Smoking cigarettes and pulling all-nighters doesn’t sound like the best idea for a man with a dodgy heart. Shouldn’t he be taking better care of himself? “Yeah, but I can’t,” he replies. “I want to finish what I’m doing.”

Well, isn’t he afraid of death?

“No, not at all,” he says instantly, having presumably become quite familiar with the circle of life through his forays in the natural world. (“This scene you’re seeing now, I’ve seen hundreds of times,” he says at one point, as National Geographic plays a clip of an eagle swooping down on its prey.) “I’m ready to go. I’ve seen what I’ve seen [in my life], I’m very happy. Besides, I always said to myself, ‘If I make it to 60, I’ll be happy’. I’m 63 now, so this is just gravy.”
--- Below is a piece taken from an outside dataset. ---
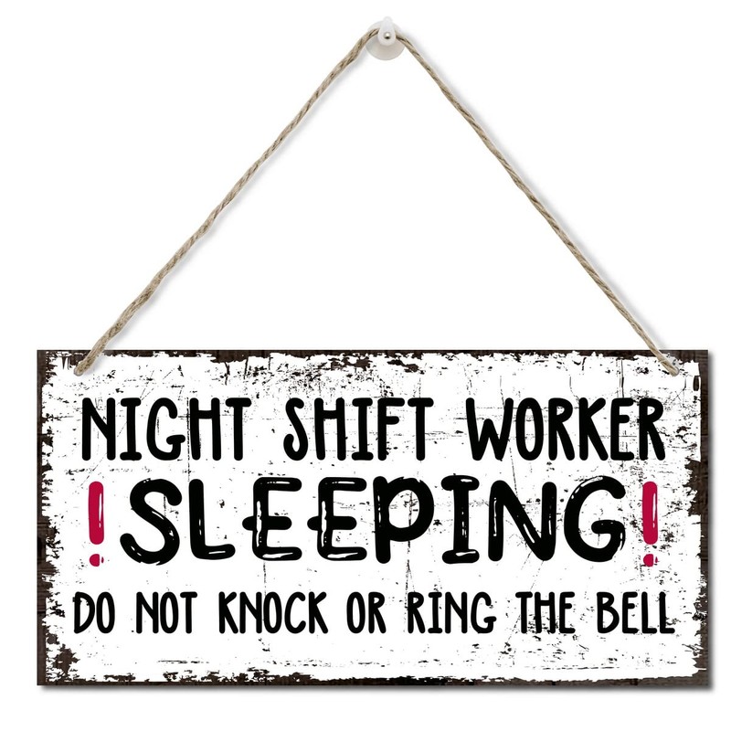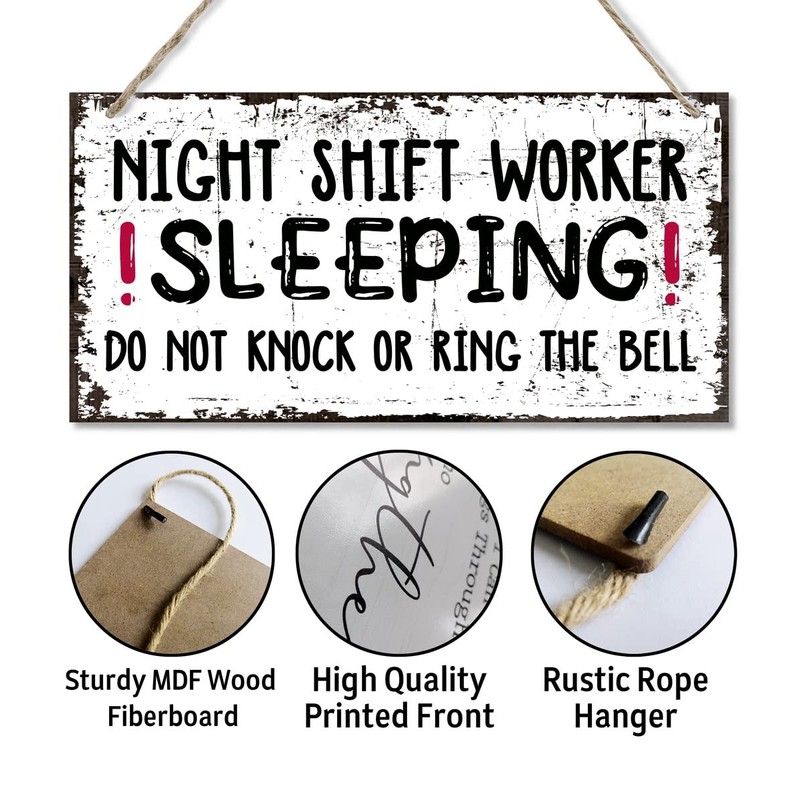 Night Shift Worker Sleeping Do Not Knock Or Ring The Bell Wall Decor Sign, Printed Wood Plaque Sign Wall Hanging, Funny Day Sleeper Sign, Decor Wall Art Sign 12" x 6"

His family (he and Fani have three kids, two sons and a daughter) may wish he were less fatalistic; then again, George also strikes me as the kind of person who won’t be moved, once he makes up his mind about something. He was always unusual, stubbornly himself – and he always had the obsession with Nature, “from the time I was born… My first solo outing was when I was two, my mum came and found me in a wet flowerbed, holding an earthworm and studying it”. He calls it a “gene”, meaning he was born with it – but in fact that’s a misnomer because nobody else in the family (originally from Taktakalas in Nicosia, which they fled after the troubles in 1963) shared his interest in flora and fauna.
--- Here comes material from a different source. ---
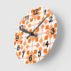 This wall clock has a mid-century modern design of arrows in two shades of orange.
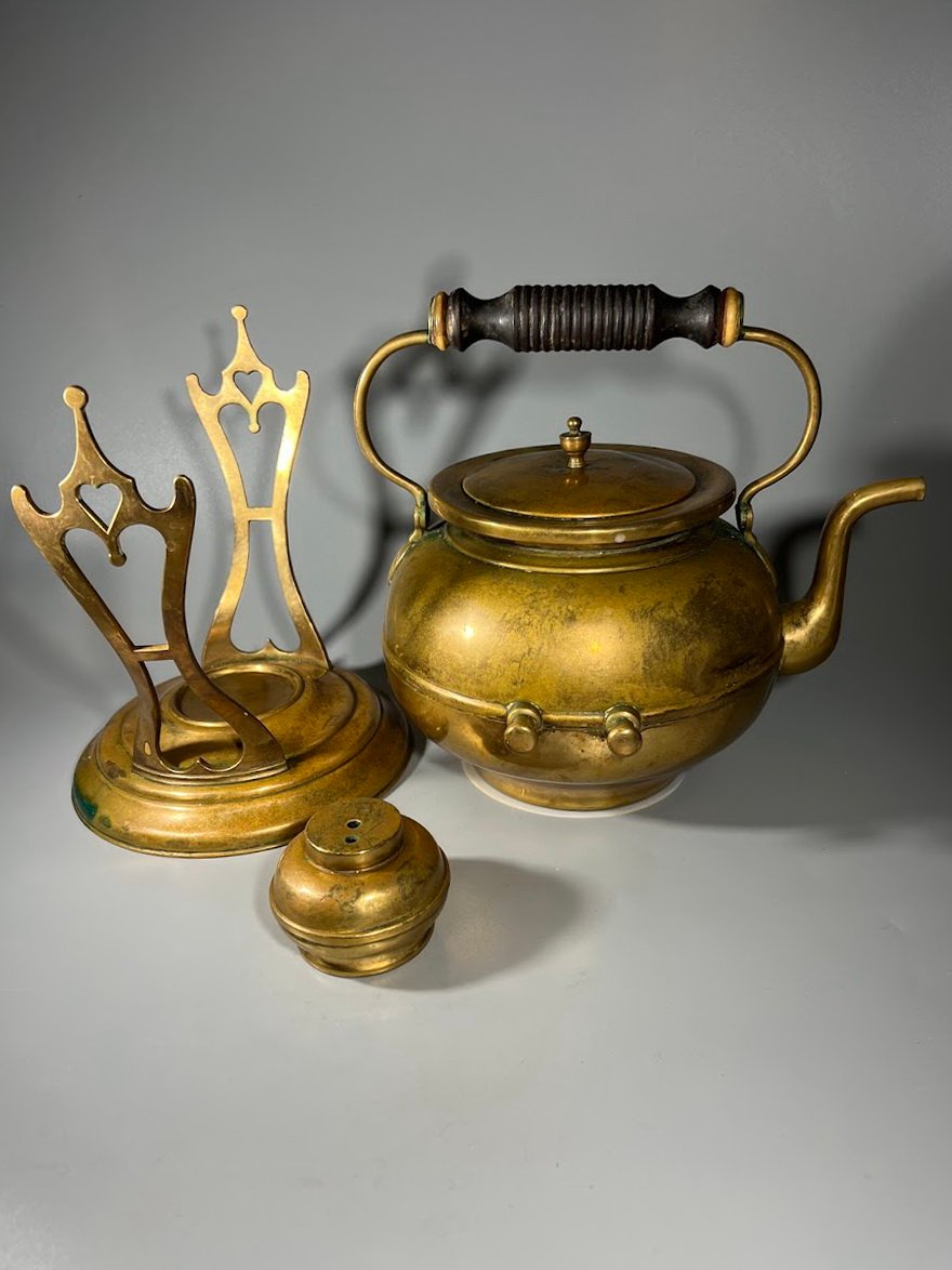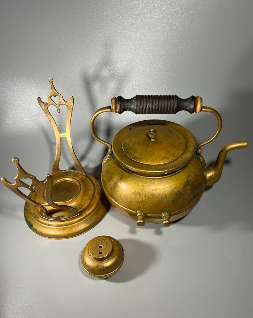 Arbatinukas žalvarinis su stovu ir pakaitinimu, Art Nouveau stiliaus. švediškas, Skultuna, Nr. 3. 1890 – 1910 m. Kaina 113

“They thought I was nuts,” he recalls of his parents. “I’d go to school and my pockets would be full of snakes, frogs, lizards. I’d put them in my satchel, sometimes they’d escape in the classroom…” The parents never understood – even though his dad came from a village (Gerakies) and had grown up surrounded by Nature. “I might be holding something – something harmless, I mean – and they’d get scared and start yelling. Which is usually what happens with people”. This is a constant refrain in our conversation, ignorant normies who refuse to “understand the value of biodiversity, or to learn about dangerous species and when they’re dangerous” and lash out at every perceived threat, however ludicrous. “Someone sees a cockroach and starts screaming. What’s a cockroach going to do to you? This is a phobia, handed down by the parents.”

profile george's grandson
George’s grandson

Snakes are a good example, he goes on, and I sneak a glance at the plastic jar inches away from my feet. (The snake and scorpion were collected from private homes; the cops have his phone number, and will call George when someone reports an animal sighting so he can pick up the intruder and set it free during his next field trip.) Snakes are a good example of popular prejudice, he repeats: “It’s so easy! We’ve got eight or nine species, just do some research to know which ones are dangerous, look at some photos so you can recognise them. It’s easy – but they panic, and just kill whatever they see.” The irony is that only one species, the aforementioned blunt-nosed viper, actually has a poisonous bite (two others are also poisonous, but the fangs are at the back of the throat and the venom is only applied as they swallow their prey) – yet even George’s own grandpa, who again grew up in a village, had an irrational fear of serpents: “He’d see me handling a snake and say, ‘You’re going to get yourself killed one day, doing things like that’…” George shakes his head: “Ignorance!”.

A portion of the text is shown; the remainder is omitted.